Repeat every record below exactly, leaving out the pictures.

Data items:
★ ★ ★ ★ ★

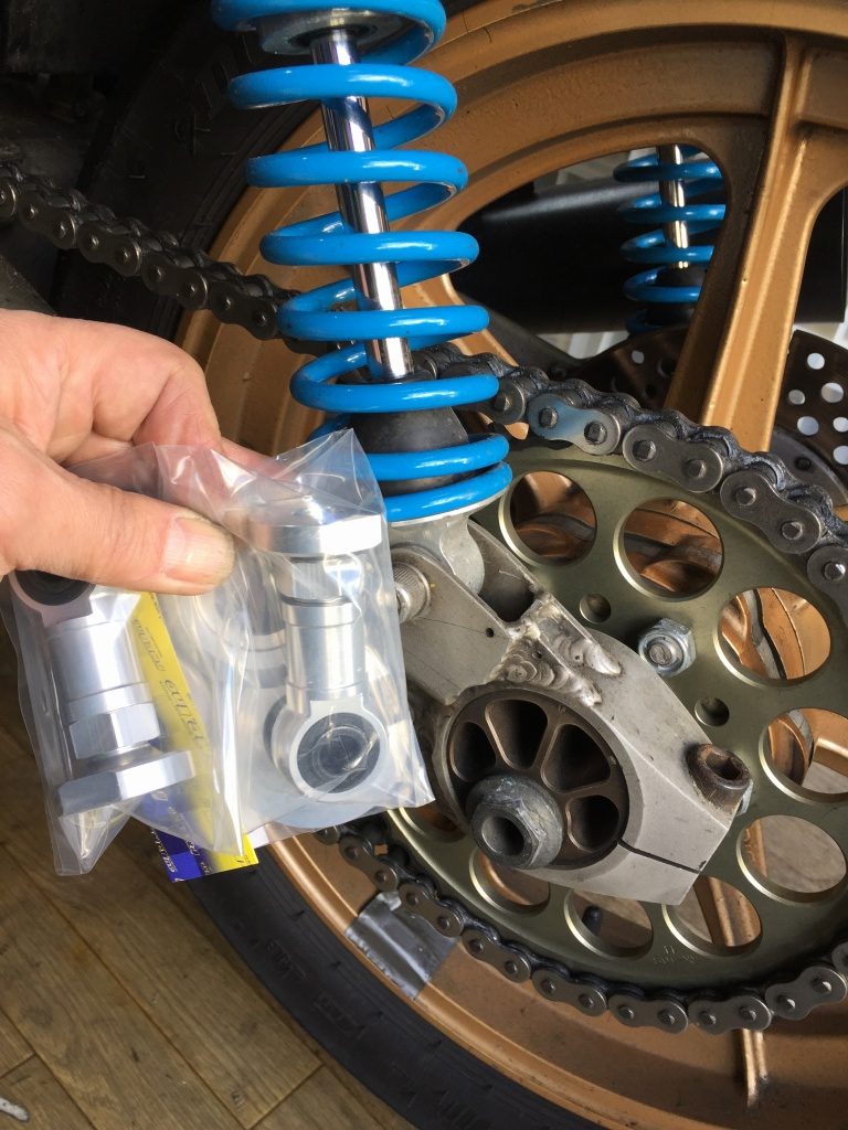 バンク角を稼ぐなどの目的でリヤショックを延長します。現在付いているワークスパフォーマンスは全長350ミリほど。現状はプリロードを最大限掛けている状態で、リバウンドストロークが不足しています。
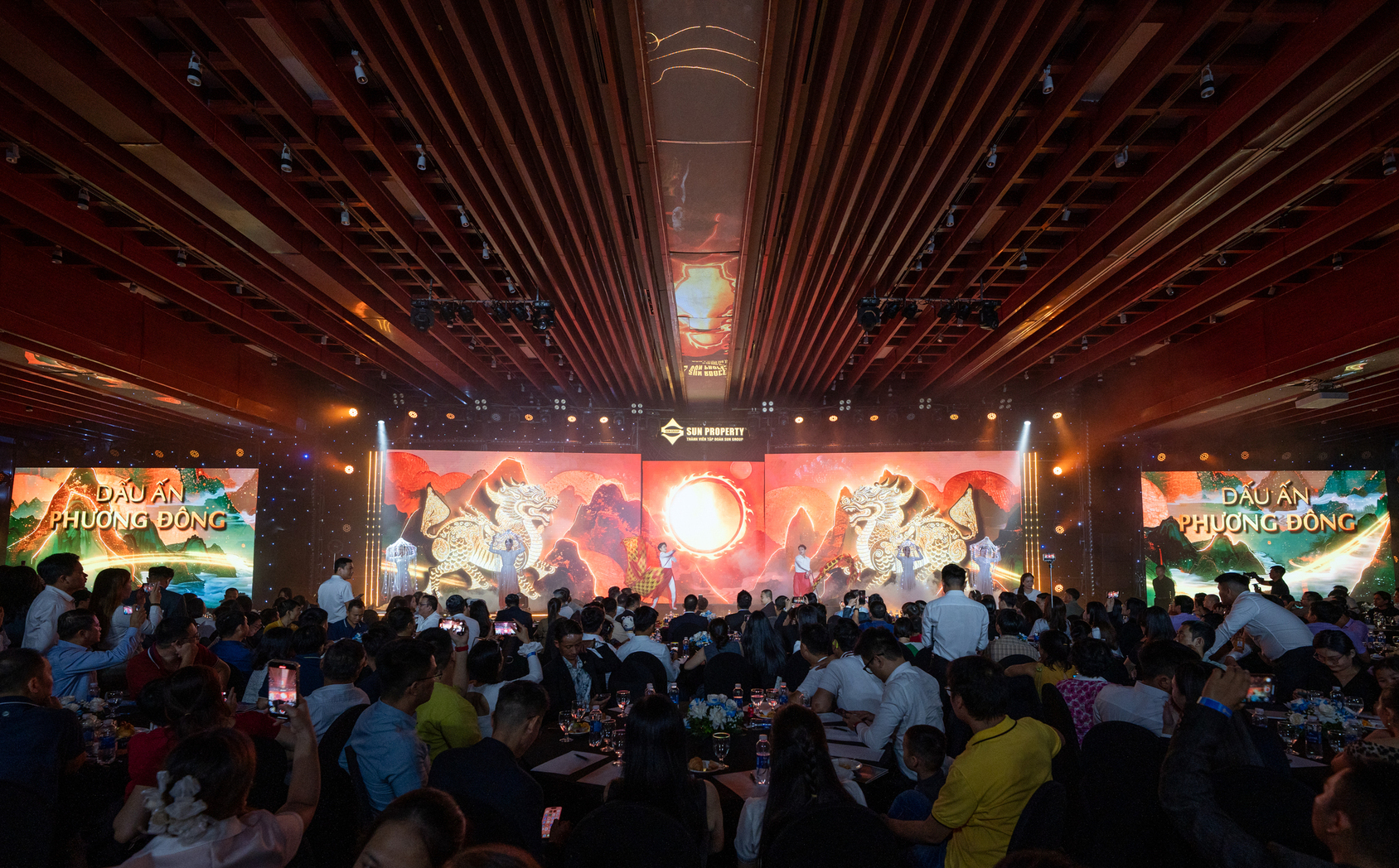Ngay sau đó, khi âm hưởng hào hùng của tiếng trống hội vang khắp hội trường, những vầng sáng Ánh Dương dần lan tỏa, mở ra không gian rực rỡ của màn trình diễn nghệ thuật được dàn dựng công phu. Cao trào chương trình là khoảnh khắc hai tòa tháp Cora Tower vươn cao, kiêu hãnh giữa trời mây Hòa Xuân, xuất hiện trên màn hình lớn.
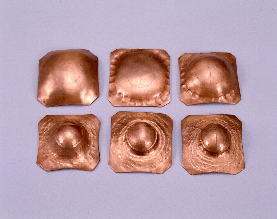 (4)木鏨で裏側から打ち出し、金属板をふくらませて立体感を出す。
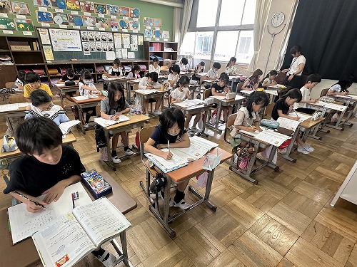 同じころ、3年生は算数の復習問題に取り組んでいました。冷房のために扉を閉めている教室に近づくと「無人か?」と思うほど静かに集中して取り組んでいました。
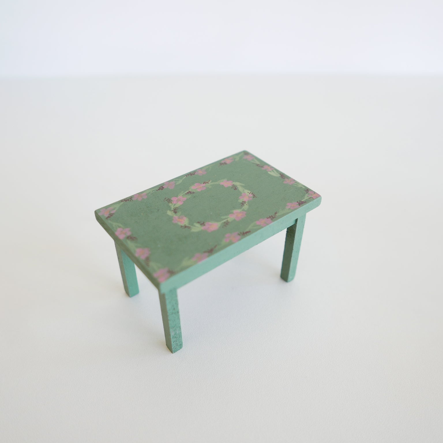 Our sweet Garden Rose dining table, hand painted in the Gala studio with natural paints, watercolour and a light varnish. Perfect size for a dolls house dining room.
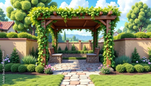 charming backyard pergola in an illustrative style, using oak and vine palette, gentle curves, textured leaves, calm atmosphere, high resolution
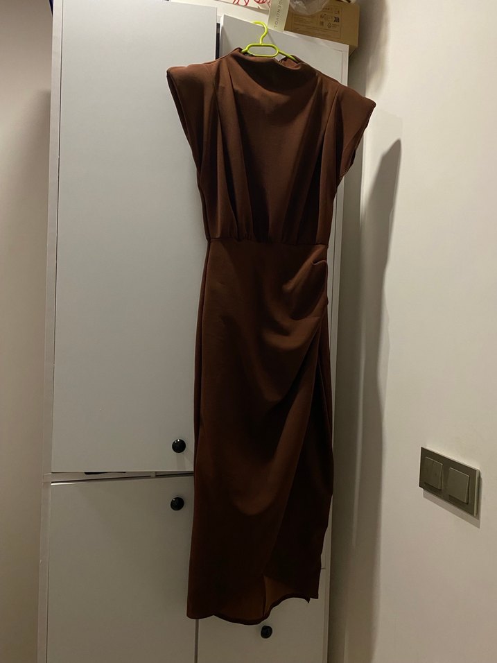 Kahverengi uzun elbise, yüksek yakalı ve drapeli tasarıma sahip. İpek gibi kumaştan, kolsuz ve romantik akşamlar için uygun. Minimalist, çağdaş stil sunar.
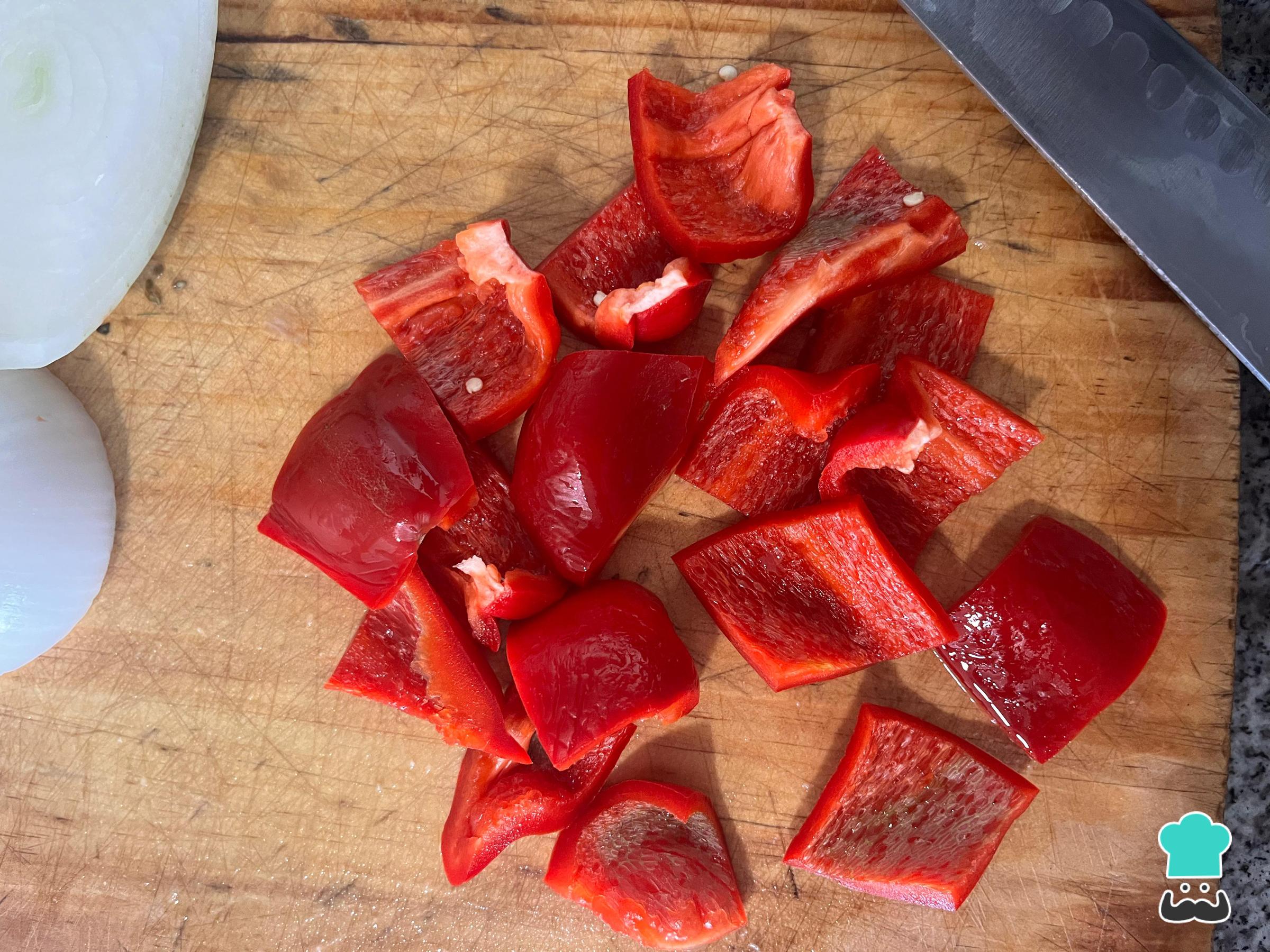 Corta el pimentón en trozos grandes, de 2 cm por 2 cm.

★ ★ ★ ★ ★

WRITTEN SOLUTION:
 バンク角を稼ぐなどの目的でリヤショックを延長します。現在付いているワークスパフォーマンスは全長350ミリほど。現状はプリロードを最大限掛けている状態で、リバウンドストロークが不足しています。
Ngay sau đó, khi âm hưởng hào hùng của tiếng trống hội vang khắp hội trường, những vầng sáng Ánh Dương dần lan tỏa, mở ra không gian rực rỡ của màn trình diễn nghệ thuật được dàn dựng công phu. Cao trào chương trình là khoảnh khắc hai tòa tháp Cora Tower vươn cao, kiêu hãnh giữa trời mây Hòa Xuân, xuất hiện trên màn hình lớn.
 (4)木鏨で裏側から打ち出し、金属板をふくらませて立体感を出す。
 同じころ、3年生は算数の復習問題に取り組んでいました。冷房のために扉を閉めている教室に近づくと「無人か?」と思うほど静かに集中して取り組んでいました。
 Our sweet Garden Rose dining table, hand painted in the Gala studio with natural paints, watercolour and a light varnish. Perfect size for a dolls house dining room.
 charming backyard pergola in an illustrative style, using oak and vine palette, gentle curves, textured leaves, calm atmosphere, high resolution
 Kahverengi uzun elbise, yüksek yakalı ve drapeli tasarıma sahip. İpek gibi kumaştan, kolsuz ve romantik akşamlar için uygun. Minimalist, çağdaş stil sunar.
 Corta el pimentón en trozos grandes, de 2 cm por 2 cm.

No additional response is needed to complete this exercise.